The pathogenesis of GBS associated with tuberculosis is unknown, but it is believed to occur due to molecular mimicry that leads to an immunologic attack on the peripheral and cranial nerves.3 Antigens may be produced in response to tuberculosis proteins or cytokines that are generated as a result of tuberculosis treatment. A delayed hypersensitivity reaction or invasion of the nerve roots caused by tuberculosis is another possible explanation for the associated neuropathy.8 Most cases of GBS manifest as acute inflammatory demyelinating polyneuropathy and acute motor axonal neuropathy, and these cases also exhibit features suggestive of tuberculosis even prior to the onset of weakness.2,9 The high prevalence of pulmonary tuberculosis suggests that GBS is also prevalent, but this remains unrecognized or untreated, like in other neurologic manifestations of tuberculosis.

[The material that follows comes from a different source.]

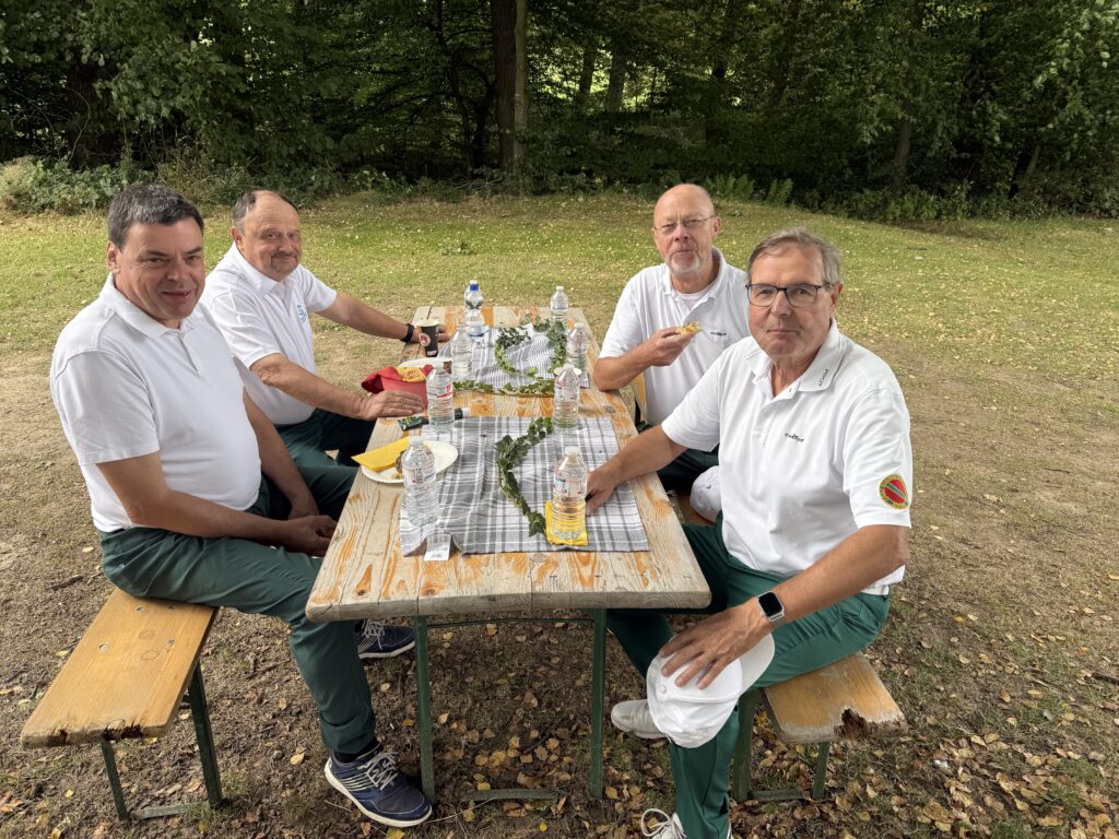 Bei bestem Wetter konnte man sich mit dem Frühstück auf der Terrasse auf einen herrlichen Golftag einstimmen. Von Starterinnen eingewiesen wurde von Blau gespielt, was dem als schwierig berüchtigten Platz die Schärfe nahm und sehr gute Ergebnisse versprach. Wer allerdings am Halfway House den Versuchungen von Frikadellen und verschiedenen Kuchen der Damen erlag und sich den Bauch zu vollschlug, musste danach mit verminderter Performance rechnen.

Considering the timing of MFS and systemic symptoms of pulmonary tuberculosis, it is highly likely that pulmonary tuberculosis was the cause of MFS in the present case. The patient showed the complete recovery of neurologic deficits after receiving treatment for pulmonary tuberculosis. Therefore, the possibility of combined MFS and pulmonary tuberculosis should be considered in pulmonary tuberculosis patients who experience a complication of ataxia or ophthalmoparesis.